ASSIGNMENT: Nothing but the lines from the start of the data through the line with "Pug dog with" should appear in the answer, each retyped exactly, and pictures should not.

EXERCISE MATERIAL:
════
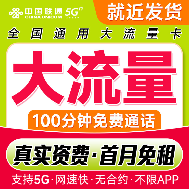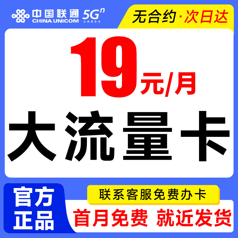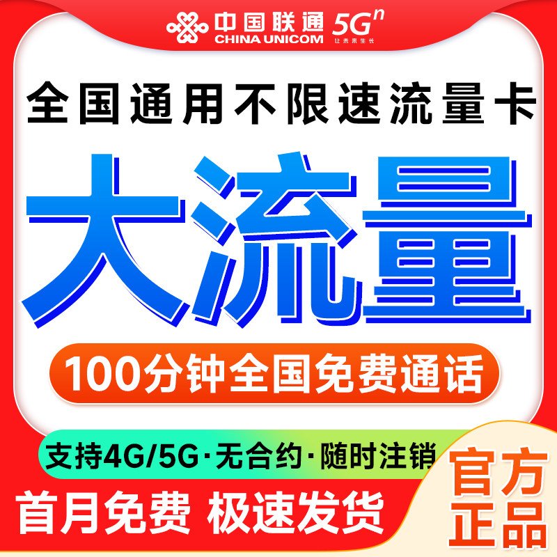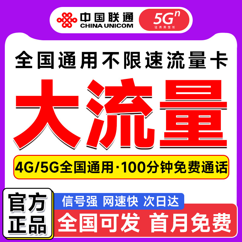 联通流量卡全国通用联通流量卡纯上网5g无线限流量套餐卡官方发货
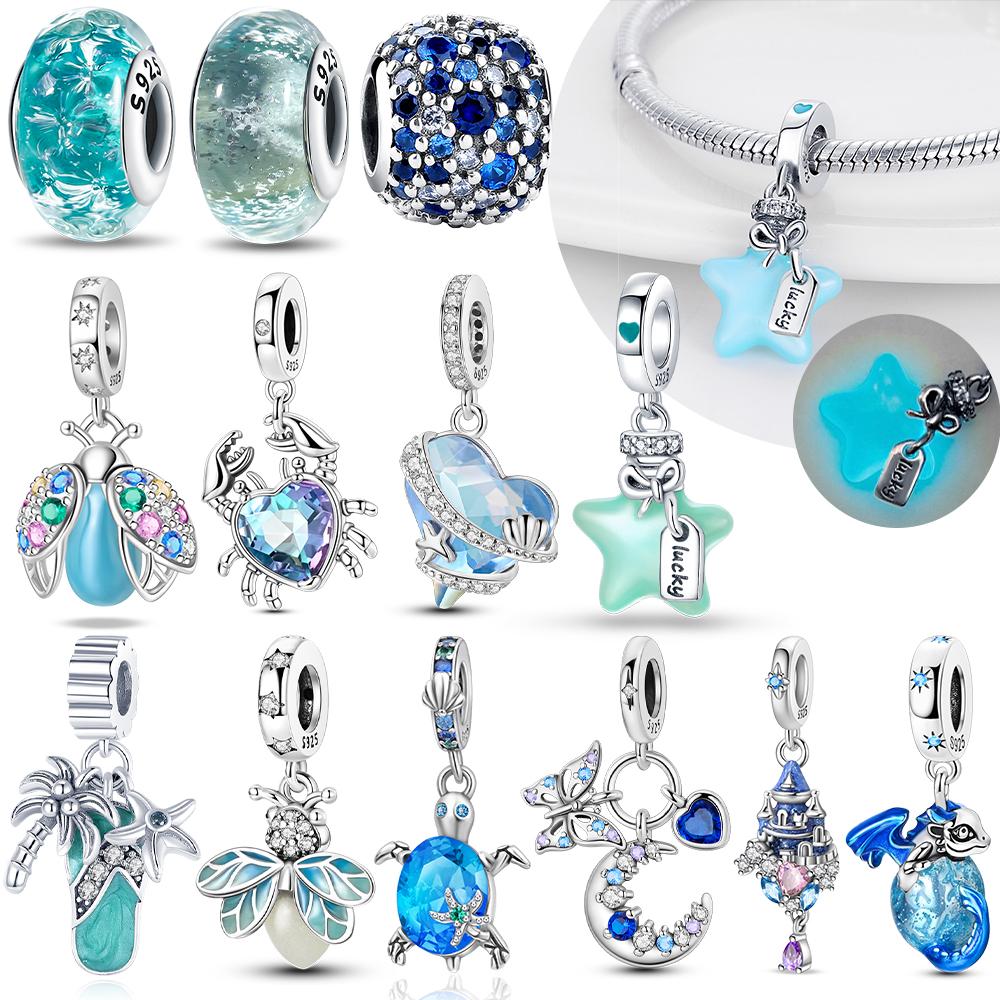 Charms Copper Blue Original Stars Heart Zircon Chameleon Panda Glass Beads Fit Bracelet Jewelry Women Diy Accessories
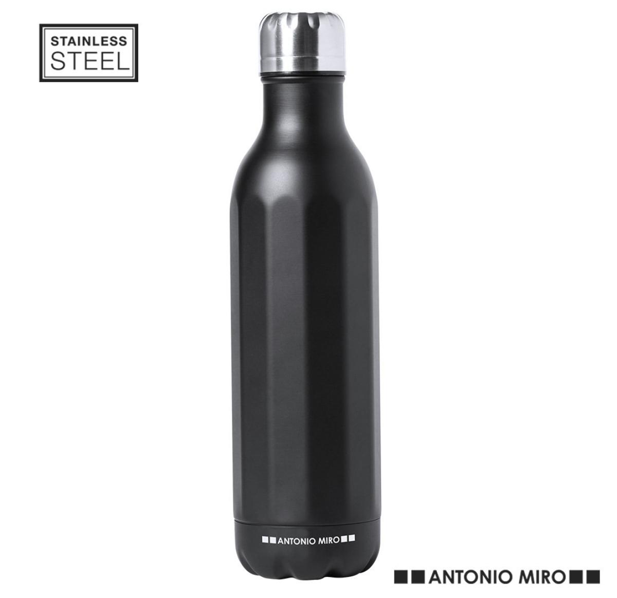 Stainless steel bottle by Antonio Miró. 750ml capacity and sober satin black finish, with prism body and brand logo at the base. Chromed screw-on lid and presented in an attractive design box with brand logo.
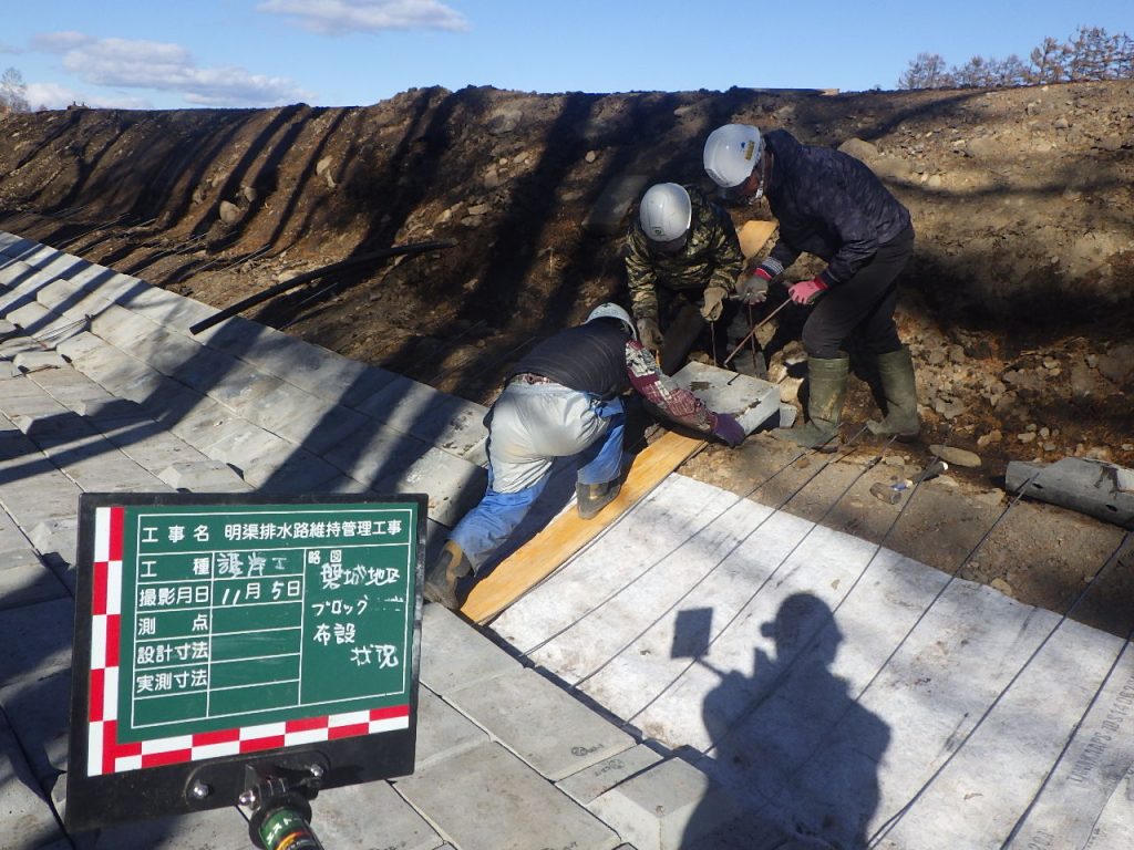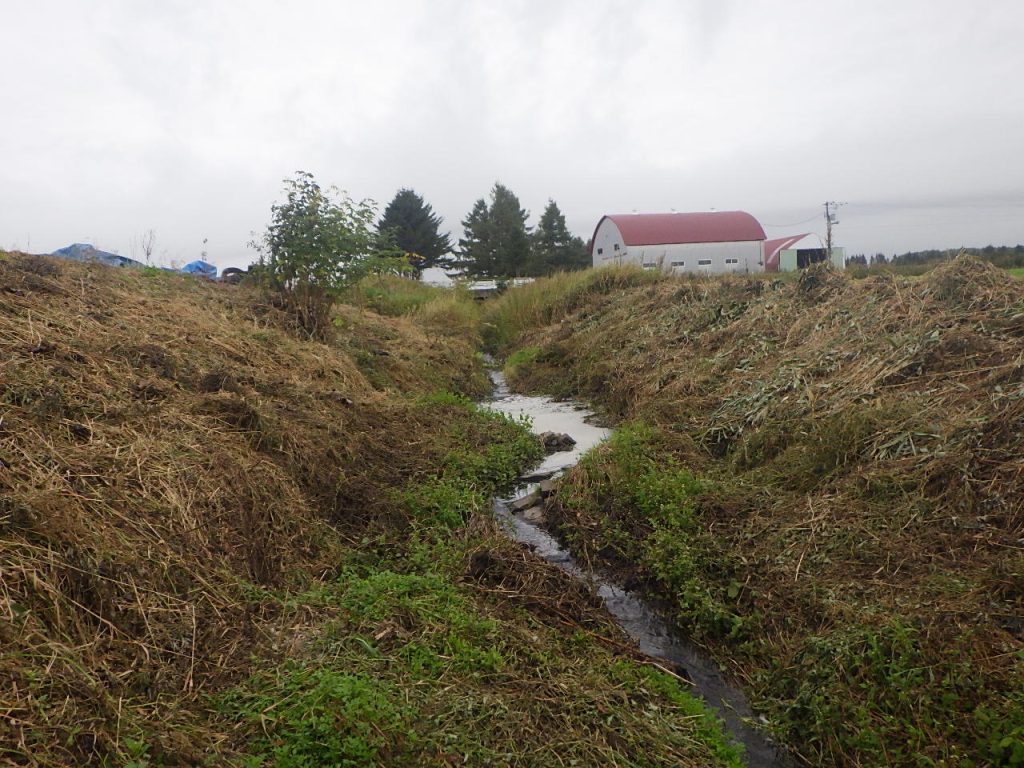 本工事は上士幌町内に点在する大雨により洗堀や土砂の堆積などの被害を受けた明渠排水路(5カ所)を再整備し、その効用を回復することを目的とした工事です。
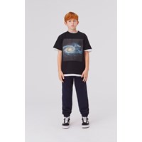 Amse er et par to farvede sweatpants med mørkeblå forside og sort bagside. Bukserne har elastisk talje og benafslutning.
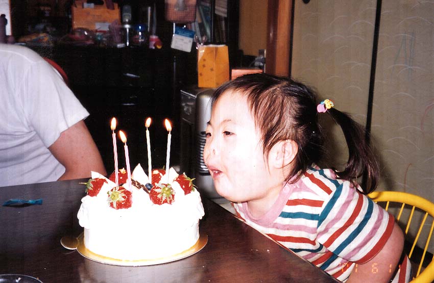 H12.6.11 3歳の誕生日は岸和田市民病院で迎える H12.6.14 退院と誕生会を自宅で祝う「いきなりの食欲」もう大丈夫 誕生日におばあちゃんに自転車もらってごきげん H13.4 今年から幼稚園へ”ちょっと不安げ” H13.6.11 4歳の誕生日
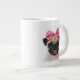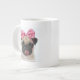 Pug dog with tongue out with a sequined pink ribbon, white background.
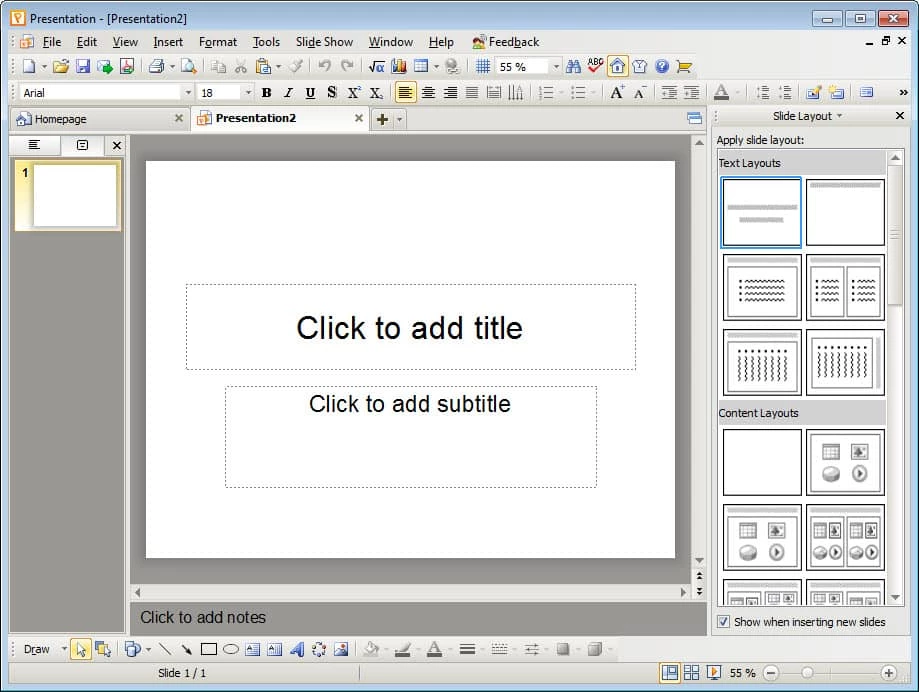 このプログラムは、他のどのスイートよりもハードディスクの容量をほとんど消費しません。シンプルで使いやすいインターフェースにより、230種類のフォントと複数のテンプレートを活用してアプリケーションをカスタマイズできます。ドロップ&ドラッグやサイズ変更機能を使って、形状やフォーマットを変更できます。タブを使用して、複数の種類のドキュメントを開くこともできます。タブバーでは、Ctrl + Tabキーを押すことでドキュメントを編集できます。
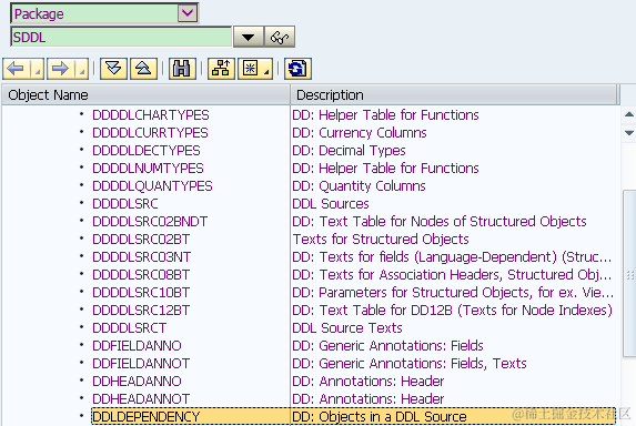 And if you use the same approach described in tutorial part1, you can realize that lots of database tables “DD*” are involved during CDS view activation, for exampleDDLDEPENDENCY. A small tip here is, if you click “Display Object List” button, you will navigate to the package where other related ABAP artifacts within the same package are displayed as well.
════
EXERCISE OUTPUT:
 联通流量卡全国通用联通流量卡纯上网5g无线限流量套餐卡官方发货
 Charms Copper Blue Original Stars Heart Zircon Chameleon Panda Glass Beads Fit Bracelet Jewelry Women Diy Accessories
 Stainless steel bottle by Antonio Miró. 750ml capacity and sober satin black finish, with prism body and brand logo at the base. Chromed screw-on lid and presented in an attractive design box with brand logo.
 本工事は上士幌町内に点在する大雨により洗堀や土砂の堆積などの被害を受けた明渠排水路(5カ所)を再整備し、その効用を回復することを目的とした工事です。
 Amse er et par to farvede sweatpants med mørkeblå forside og sort bagside. Bukserne har elastisk talje og benafslutning.
 H12.6.11 3歳の誕生日は岸和田市民病院で迎える H12.6.14 退院と誕生会を自宅で祝う「いきなりの食欲」もう大丈夫 誕生日におばあちゃんに自転車もらってごきげん H13.4 今年から幼稚園へ”ちょっと不安げ” H13.6.11 4歳の誕生日
 Pug dog with tongue out with a sequined pink ribbon, white background.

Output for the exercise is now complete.